Assignment
What is needed is a faithful transcription of all the data below, pictures excluded.

Provided material below:

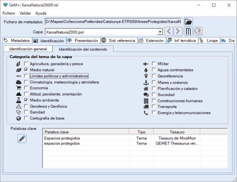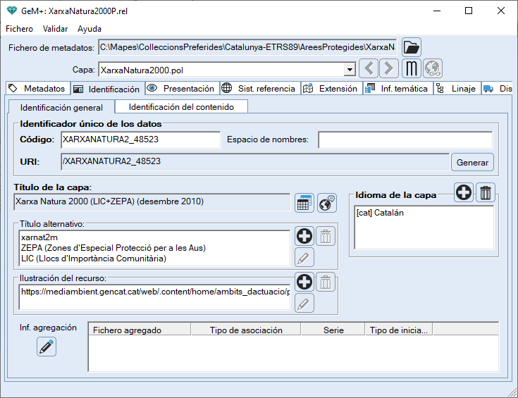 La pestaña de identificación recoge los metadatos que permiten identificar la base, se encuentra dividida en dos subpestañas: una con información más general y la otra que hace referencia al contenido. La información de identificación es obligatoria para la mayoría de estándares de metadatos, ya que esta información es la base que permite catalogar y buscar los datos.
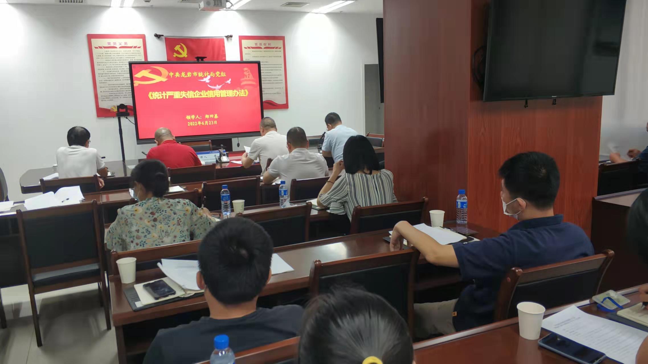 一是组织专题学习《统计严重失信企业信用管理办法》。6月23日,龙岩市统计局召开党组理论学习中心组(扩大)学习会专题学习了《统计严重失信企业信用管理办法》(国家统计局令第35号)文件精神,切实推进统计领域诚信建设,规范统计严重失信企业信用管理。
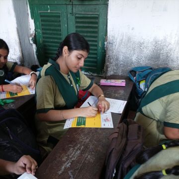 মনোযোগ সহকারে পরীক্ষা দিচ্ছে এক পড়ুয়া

End of Provided material.

Task result
 La pestaña de identificación recoge los metadatos que permiten identificar la base, se encuentra dividida en dos subpestañas: una con información más general y la otra que hace referencia al contenido. La información de identificación es obligatoria para la mayoría de estándares de metadatos, ya que esta información es la base que permite catalogar y buscar los datos.
 一是组织专题学习《统计严重失信企业信用管理办法》。6月23日,龙岩市统计局召开党组理论学习中心组(扩大)学习会专题学习了《统计严重失信企业信用管理办法》(国家统计局令第35号)文件精神,切实推进统计领域诚信建设,规范统计严重失信企业信用管理。
 মনোযোগ সহকারে পরীক্ষা দিচ্ছে এক পড়ুয়া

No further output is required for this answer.